In the liquid flow type electrolytic cell having such a three-dimensional electrode, there are two current collector plates 1 facing each other, an ion exchange membrane 3 is arranged between the two, and spacers 2 on both sides of the ion exchange membrane 3 are provided.
Thus, flow paths 4a and 4b for the electrolytic solution are formed along the current collector plate 1. An electrode 5 such as a carbon fiber aggregate is arranged in at least one of the flow paths 4a and 4b, and a three-dimensional electrode is constructed in this manner. As the electrolytic solution, Fe
-Cr, VV, etc. are used.

For example, in the case of a redox flow type battery using an acidic sulfuric acid aqueous solution of vanadium as the electrolytic solution, at the time of discharging, the electrolytic solution containing vanadium divalent ions V ²⁺ is supplied to the liquid flow path 4a on the negative electrode side, and the positive electrode An electrolyte containing vanadium pentavalent ions V ⁵⁺ is supplied to the side liquid flow path 4b.

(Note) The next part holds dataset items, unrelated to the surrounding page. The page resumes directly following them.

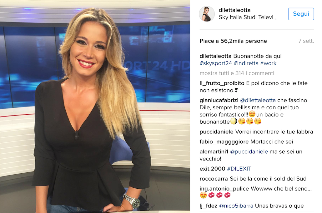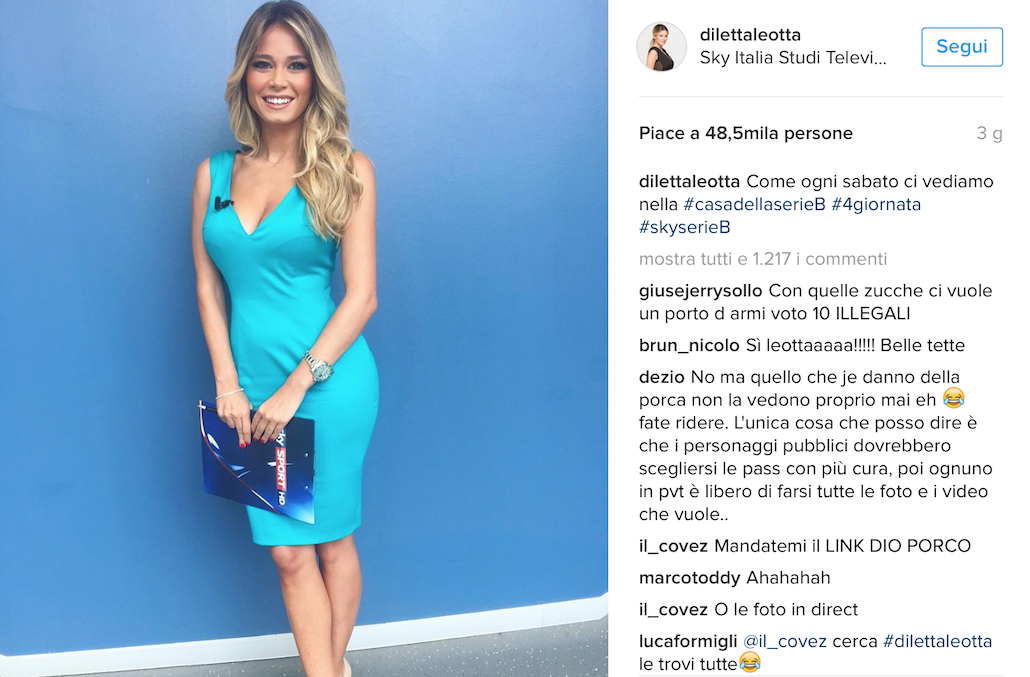 Ma chi è Diletta Leotta? Classe 1991, laureata in Giurisprudenza, ha esordito a Sky come “meteorina” ma ha scalato in fretta il successo imponendosi come volto di Sky Sport, dove conduce con successo i programmi di approfondimento calcistico sulla Serie B. Regina dei social, la giornalista conta oltre 600 mila fan su Facebook, oltre 700 mila su Instagram e c’è già chi l’ha incoronata “erede” di Ilaria D’Amico.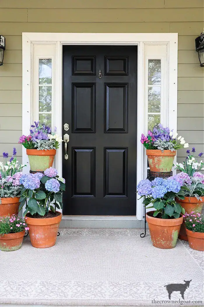 A fresh coat of paint on your front door or old planters instantly updates everything for less than twenty dollars total.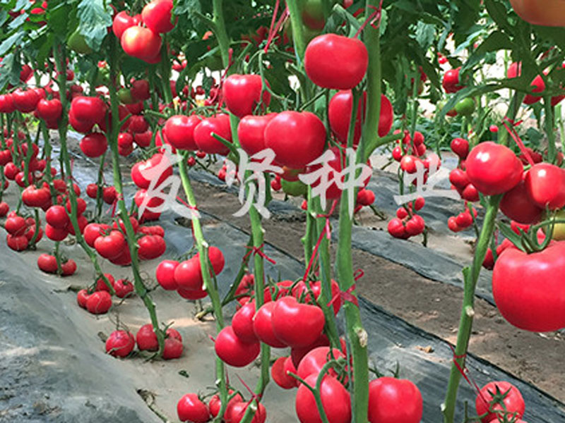 吉祥1601—无限生长,植株旺盛,中早熟,连续坐果能力强,果实圆型,成熟果粉红靓丽,转色均匀,皮厚耐裂、硬度高,单果重240-350克,高抗TY病毒(番茄黄化曲叶病毒),抗镰刀菌冠状根腐病、枯萎病、黄萎病等,适宜早春、秋延及越冬保护地栽培。 寿光市友贤种业有限公司成立于2005年,位于中国蔬菜之乡-山东省寿光市,办公占地30亩,同时配有新品种展示、筛育基地100余亩,是一家集科研、试验、示范、推广于一体的蔬菜种子公司。

In the flow path 4a on the negative electrode side, V ²⁺ emits electrons in the three-dimensional electrode 5,
It is oxidized to vanadium trivalent ion V ³⁺ . The emitted electrons pass through an external circuit and reduce V ⁵⁺ to vanadium tetravalent ion V ⁴⁺ in the three-dimensional electrode on the positive electrode side. The opposite reaction proceeds during charging.

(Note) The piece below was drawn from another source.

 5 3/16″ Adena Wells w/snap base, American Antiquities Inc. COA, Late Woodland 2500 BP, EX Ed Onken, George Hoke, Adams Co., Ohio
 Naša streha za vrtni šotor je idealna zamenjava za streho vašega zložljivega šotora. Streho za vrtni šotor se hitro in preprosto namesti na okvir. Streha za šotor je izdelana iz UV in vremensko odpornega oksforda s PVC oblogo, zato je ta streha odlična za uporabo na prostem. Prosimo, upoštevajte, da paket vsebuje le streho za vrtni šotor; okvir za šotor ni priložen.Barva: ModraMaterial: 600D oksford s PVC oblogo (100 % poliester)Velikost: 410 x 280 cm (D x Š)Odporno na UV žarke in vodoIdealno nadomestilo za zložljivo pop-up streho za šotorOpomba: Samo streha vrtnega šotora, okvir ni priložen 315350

In a liquid flow type electrolytic cell comprising a three-dimensional electrode having such an electrode material, a liquid sending pump is used to supply a liquid reaction active material to the electrolytic cell during charge / discharge, but a pump. The less energy required for operation, the better, and a pump with good pump operation efficiency is used. However, when a liquid reaction active material is supplied to the electrolytic cell, liquid pressure loss is unavoidable. Here, if a fluid pressure loss occurs, it is necessary to increase the liquid feed amount of the pump in order to secure a predetermined flow rate, and the energy consumption amount for operating the pump increases. In this case, especially in a rechargeable secondary battery such as a redox flow type battery, the total energy efficiency of the battery itself is the power efficiency of charging / discharging minus the energy required for liquid transfer as a loss, and the power efficiency However, if the pump power is large, the energy loss will be large and the overall energy efficiency of the battery will decrease. Therefore, the lower the fluid pressure loss through the electrolytic cell, the better.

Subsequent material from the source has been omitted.